Task to complete: Gather all lines from the material that contain "para".

Recorded information:
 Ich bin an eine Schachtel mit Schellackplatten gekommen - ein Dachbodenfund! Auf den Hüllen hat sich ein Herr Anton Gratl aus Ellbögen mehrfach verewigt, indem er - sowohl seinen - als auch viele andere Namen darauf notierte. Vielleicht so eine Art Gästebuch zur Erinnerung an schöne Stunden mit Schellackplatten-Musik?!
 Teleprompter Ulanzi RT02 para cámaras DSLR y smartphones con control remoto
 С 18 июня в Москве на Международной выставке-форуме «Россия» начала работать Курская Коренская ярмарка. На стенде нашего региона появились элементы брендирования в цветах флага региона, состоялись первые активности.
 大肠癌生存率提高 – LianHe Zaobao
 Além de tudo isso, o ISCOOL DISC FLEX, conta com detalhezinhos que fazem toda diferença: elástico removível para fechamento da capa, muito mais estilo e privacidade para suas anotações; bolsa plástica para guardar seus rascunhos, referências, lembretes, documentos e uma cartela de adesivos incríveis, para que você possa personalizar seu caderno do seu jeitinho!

--

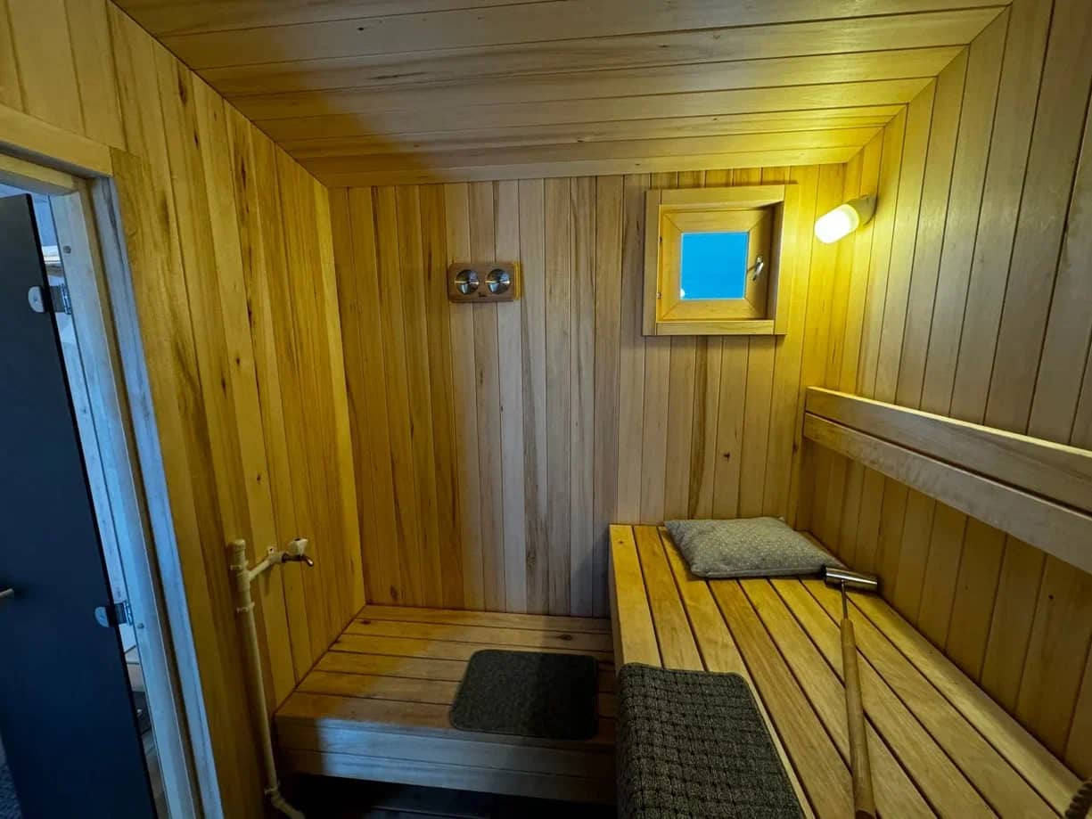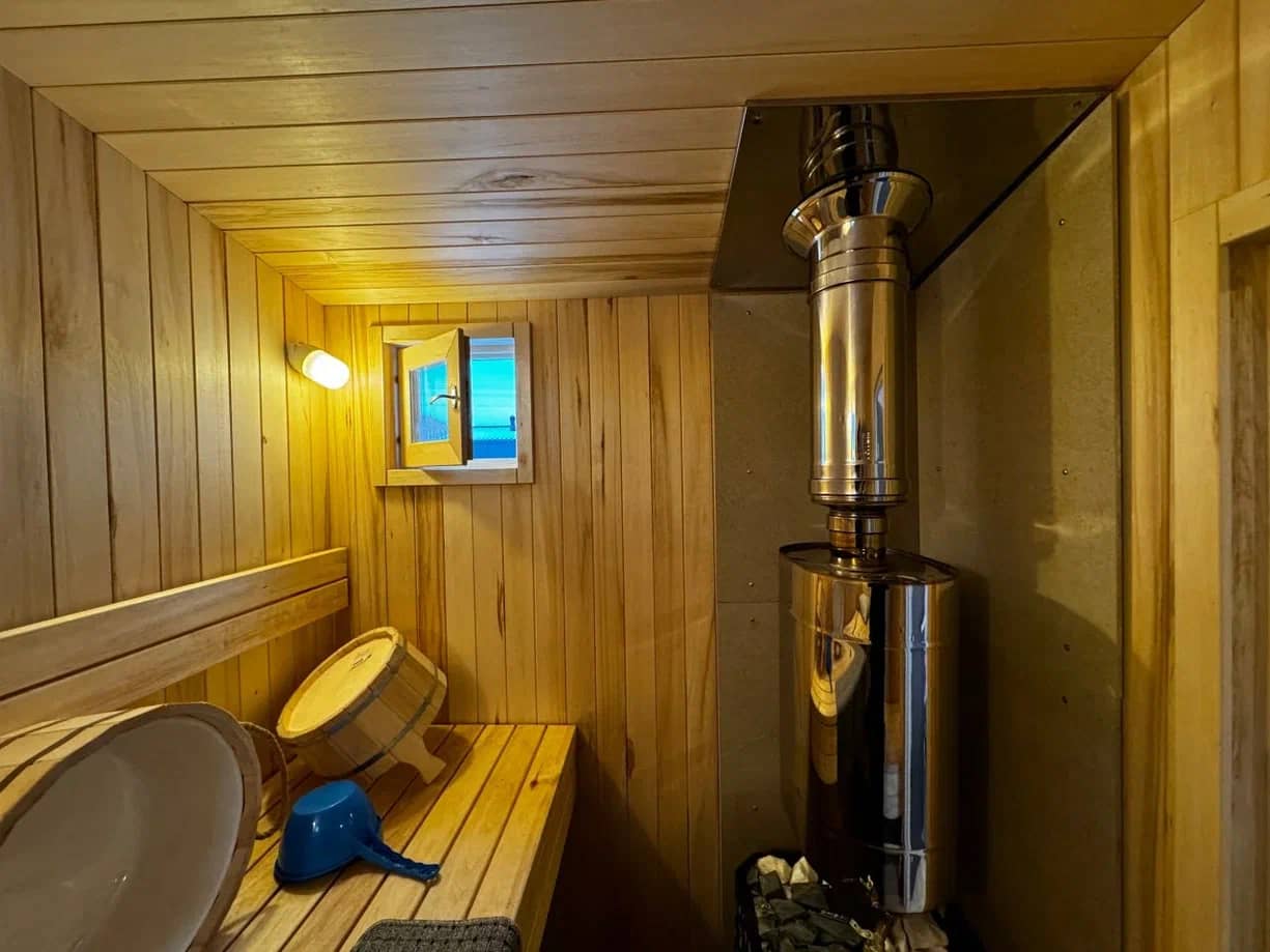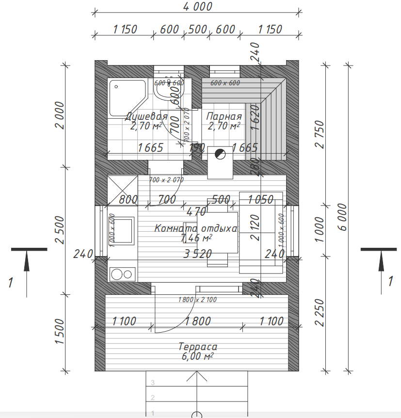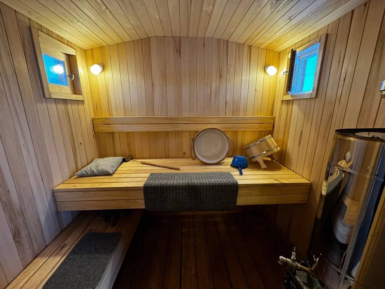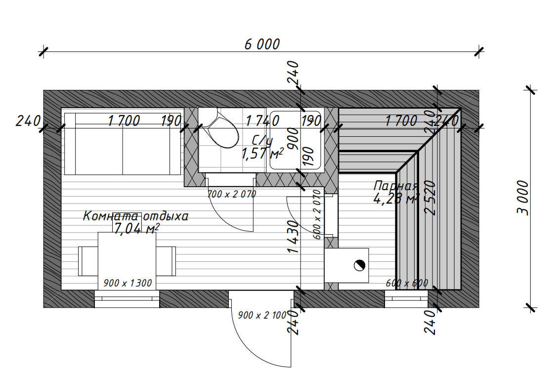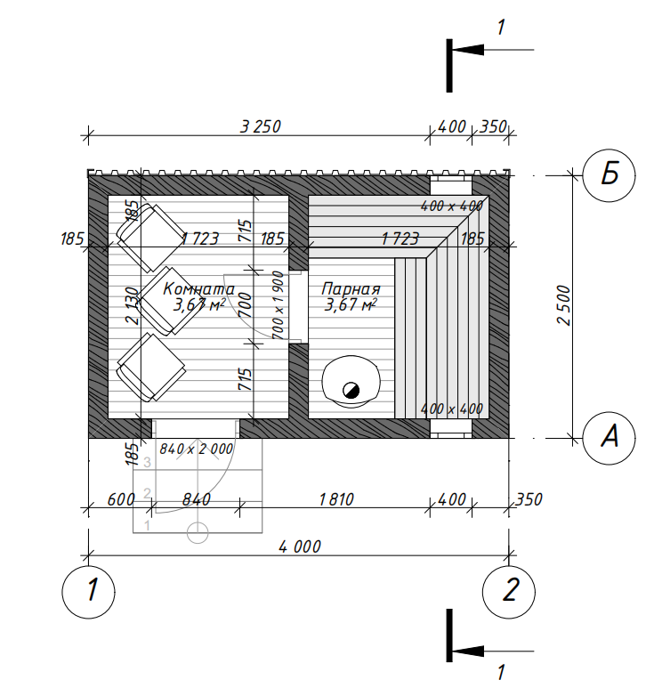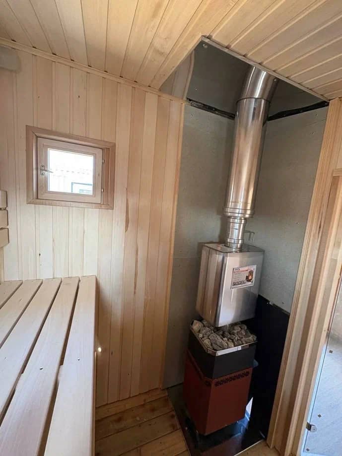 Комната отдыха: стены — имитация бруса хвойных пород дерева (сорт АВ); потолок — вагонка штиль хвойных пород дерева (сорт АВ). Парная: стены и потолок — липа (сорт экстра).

Task answer:
 Teleprompter Ulanzi RT02 para cámaras DSLR y smartphones con control remoto
 Além de tudo isso, o ISCOOL DISC FLEX, conta com detalhezinhos que fazem toda diferença: elástico removível para fechamento da capa, muito mais estilo e privacidade para suas anotações; bolsa plástica para guardar seus rascunhos, referências, lembretes, documentos e uma cartela de adesivos incríveis, para que você possa personalizar seu caderno do seu jeitinho!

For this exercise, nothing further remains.